Very glad for you Troy Farmer. On our first field we sprigged it took 3 attempts to get it in the ground due to weather. I got tired of prepping the field! When we finally got it sprigged it was very late in the year and then we didn't get any rain for a month. But as the sayin' goes, "God looks after fools and little children." I ain't no child anymore,,,; . Lo and behold the following spring we had a nice stand. I pray your efforts prove even better.

Regards,

Steve


----------



## Troy Farmer (Jul 31, 2011)

We ended up with 0.8" rain. Next hurdle is getting the pre emergent down. Waiting for a calm day. I'll be using Direx 4L @ 2qts per acre.


----------



## Ranger518 (Aug 6, 2016)

Troy Farmer said:


> We ended up with 0.8" rain. Next hurdle is getting the pre emergent down. Waiting for a calm day.
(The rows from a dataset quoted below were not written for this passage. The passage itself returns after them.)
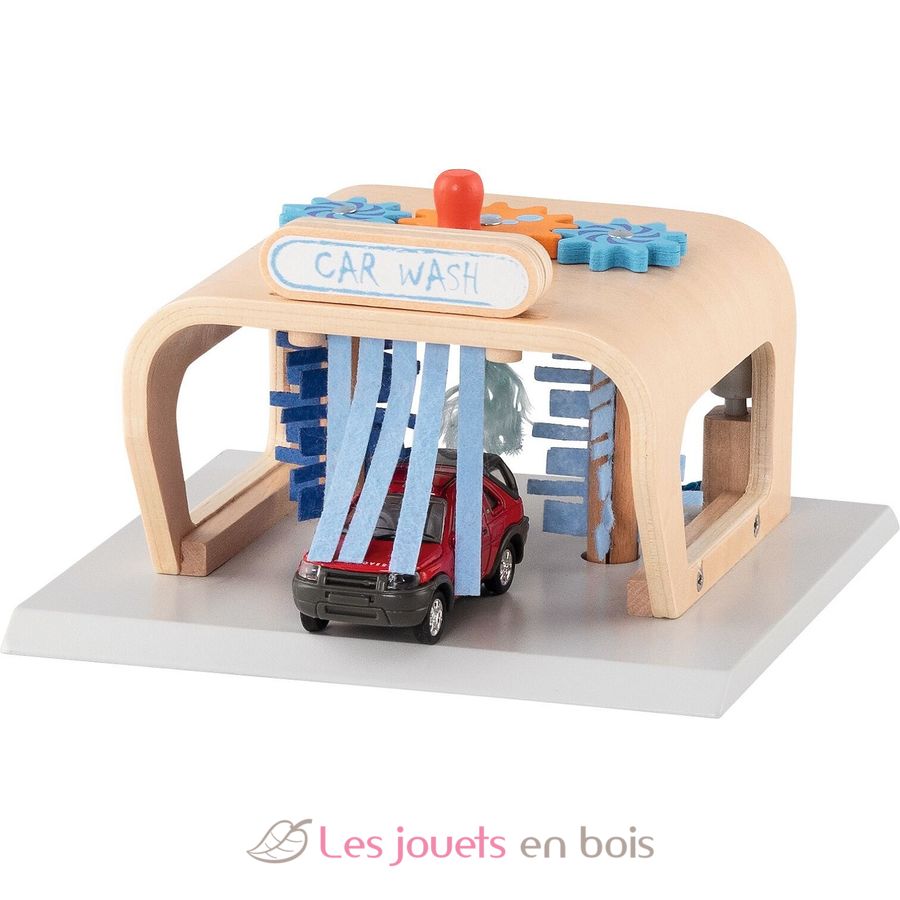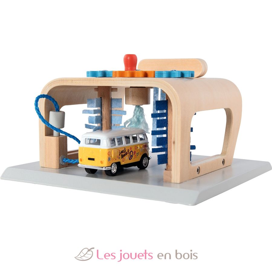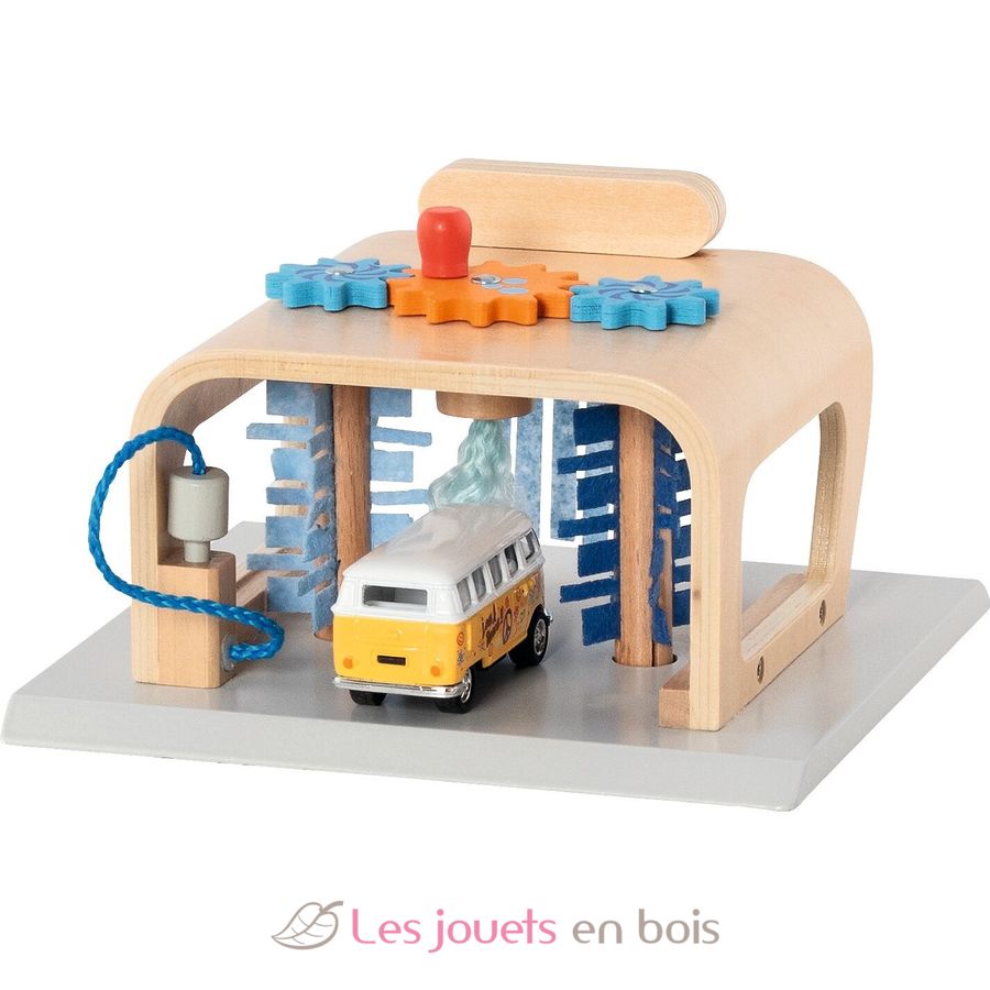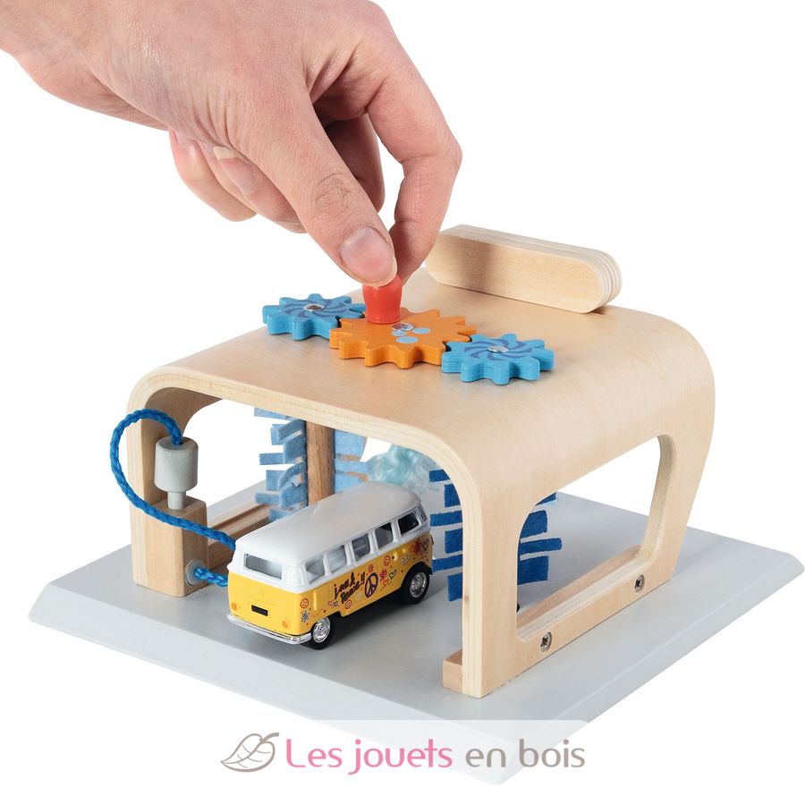 Y lo mejor de este garaje de madera: basta con girar los engranajes del techo para que los cepillos se pongan en movimiento.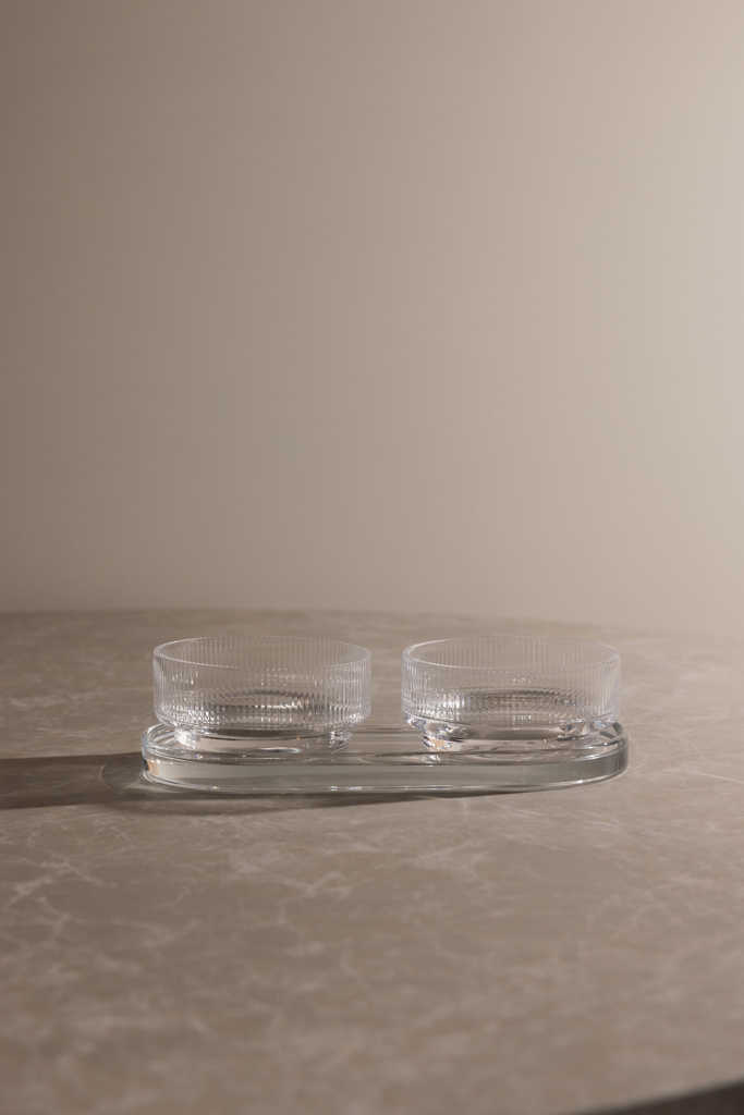 Набор для тапас с вневременным дизайном и классическими, четкими линиями. Идеально подходит для любого случая, когда вы хотите стильно и элегантно подать небольшие блюда, закуски или другие гарниры. В набор входят две миски и поднос, которые можно использовать вместе или по отдельности. Изготовлен из натриево-кальциевого стекла. Объём мисок — 250 мл. Можно мыть в посудомоечной машине.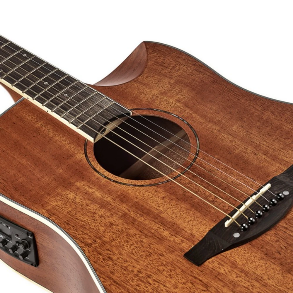 - Corpo em madeira natural com acabamento acetinado para melhor ressonância acústica

I'll be using Direx 4L @ 2qts per acre.


That's what I used last year after I had my land sprigged it worked pretty good overall I hade some crabgrass other than that it was pretty clean.


----------



## Troy Farmer (Jul 31, 2011)

Here's an update on the Bermuda sprigging... it's coming up!


----------



## Vol (Jul 5, 2009)

Troy, post a couple of pics throughout the summer so that we can compare with your current pics.

Regards, Mike


----------



## Troy Farmer (Jul 31, 2011)

Will do.


----------



## Troy Farmer (Jul 31, 2011)

Here are some pictures I took today. 200 lb/acre 19-19-19 and plenty of rain. Things are looking good. I need to do some spraying though.


----------



## Vol (Jul 5, 2009)

It is looking good Troy. It will be a solid mass before long. You have had very good growing conditions along with a very good planting.

Regards, Mike


----------



## Troy Farmer (Jul 31, 2011)

Just wanted to add some updated photos. This field is exceptional.
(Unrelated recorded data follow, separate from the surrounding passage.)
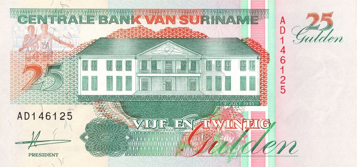 25 Gulden of Surname Country (AD 1991-1998) with Anthony Nesty, olympic gold medalist in the 100m butterfly event in Seoul 1988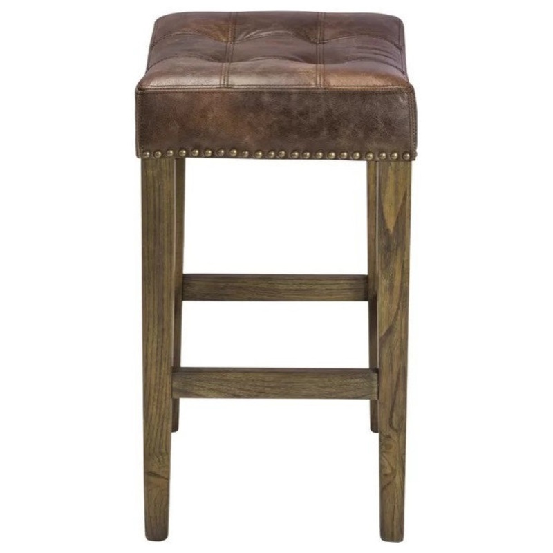 Modern counter stool with tufted seat and nailhead trim. Designed for residential and commercial use, you can place it in your kitchen, bar or dining room and give it the touch of style you need.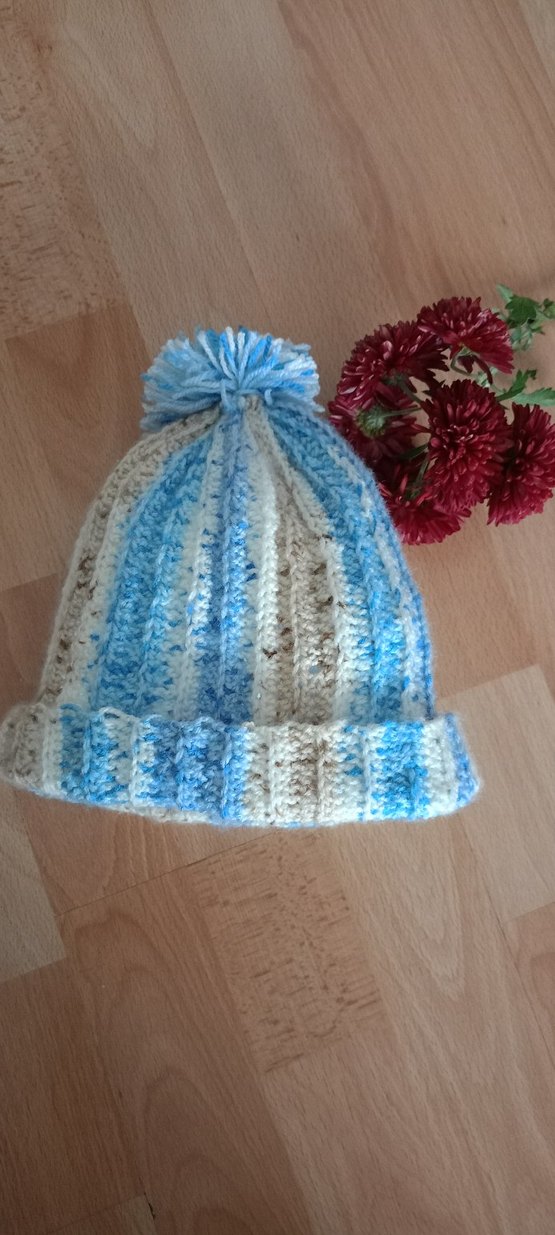Mavi ve krem tonlarında bağlama desenli, ponponlu renkli örgü çocuk beresi. Bohem tarzda, yumuşak dokulu bir model.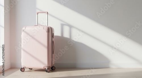 A stylish pink suitcase stands ready for travel, bathed in soft sunlight near a window, evoking wanderlust and adventure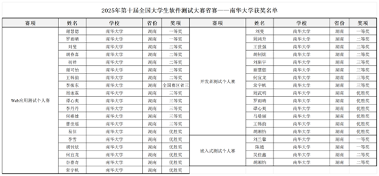 2025年第十届全国大学生软件测试大赛省赛--南华大学获奖名单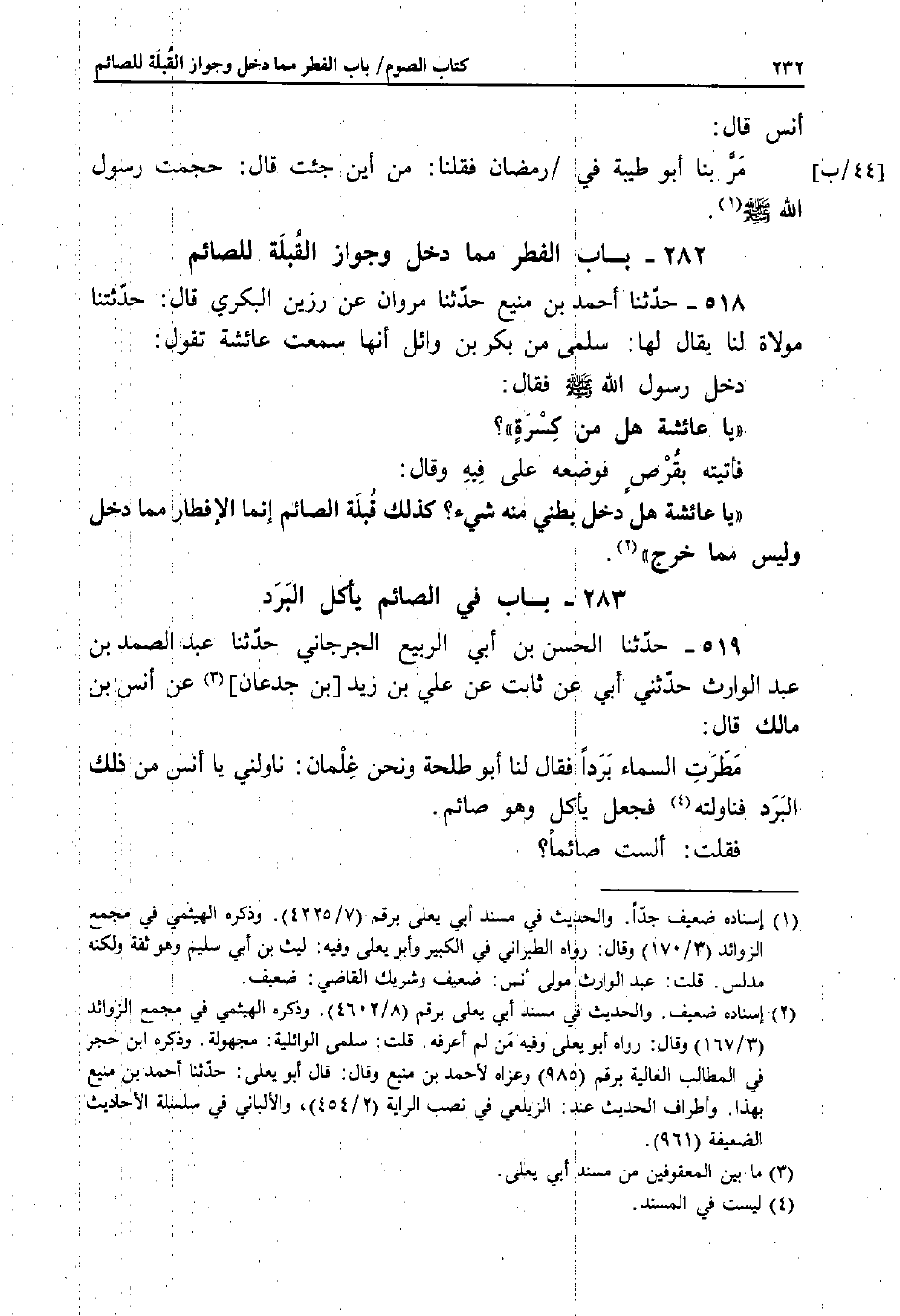 518 - حَدَّثَنَا أَحْمَدُ بْنُ مَنِيعٍ، حَدَّثَنَا مَرْوَانُ، عَنْ رَزِينٍ الْبَكْرِيِّ قَالَ: حَدَّثَتْنَا مَوْلاةٌ لَنَا يُقَالُ لَهَا: سَلْمَى مِنْ بَكْرِ بْنِ وَائِلٍ أَنَّهَا سَمِعَتْ عَائِشَةَ تَقُولُ: دَخَلَ رَسُولُ اللَّهِ صَلَّى اللَّهُ عَلَيْهِ وَسَلَّمَ فَقَالَ: «يَا عَائِشَةُ هَلْ مِنْ كِسْرَةٍ» ؟ فَأَتَتْهُ بِقُرْصٍ فَوَضَعَهُ عَلَى فِيهِ وَقَالَ: «يَا عَائِشَةُ هَلْ دَخَلَ بَطْنِي مِنْهُ شَيْءٌ؟ كَذَلِكَ قُبْلَةُ الصَّائِمِ إِنَّمَا الإِفْطَارُ مِمَّا دَخَلَ وَلَيْسَ مِمَّا خَرَجَ» .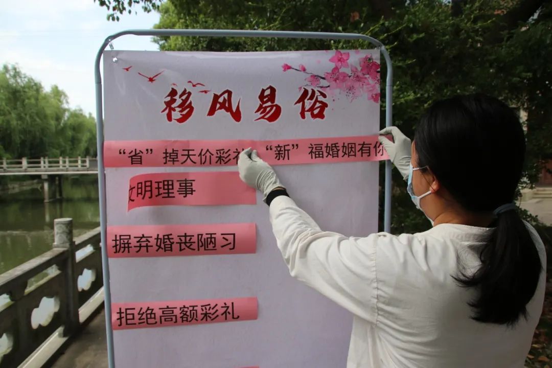 南莫鎮鄧莊村、高陽村、林廟村、朱樓村等新時代文明實踐站通過舉辦專題講座、發放宣傳單、快板說唱等方式,向村民宣傳高額彩禮的危害性,文明婚俗的重要性,引導群眾摒棄農村婚宴大操大辦、高額彩禮、鋪張浪費等不良習俗,從自身做起,自覺抵制陳規陋俗,做到婚事新辦、喜事簡辦,不要彩禮要幸福,爭做弘揚時代新風的踐行者、傳播者。

This field has more red clay and weeds. I have vasey and dallis grass. I guess I'll work on that next year. A photo of Johnson grass after Outrider treatment.

















Sorry about the upside down pics. I couldn't figure out how to fix them.


----------



## clowers (Feb 11, 2011)

Whats is that? Tifton or Alicia


----------



## broadriverhay (Jun 13, 2014)

I had a 13 acre field sprigged with 88 bushels/acre of coastal in 2010. the same year I cut 1000 bales from that field. so with proper care it can establish very quickly. Yours is looking great too.


----------



## Troy Farmer (Jul 31, 2011)

clowers said:


> Whats is that? Tifton or Alicia


Tifton 44


----------



## Troy Farmer (Jul 31, 2011)

broadriverhay said:


> I had a 13 acre field sprigged with 88 bushels/acre of coastal in 2010. the same year I cut 1000 bales from that field. so with proper care it can establish very quickly. Yours is looking great too.


Thanks broadriver. I figured I would bush hog one more time then take a cutting.


----------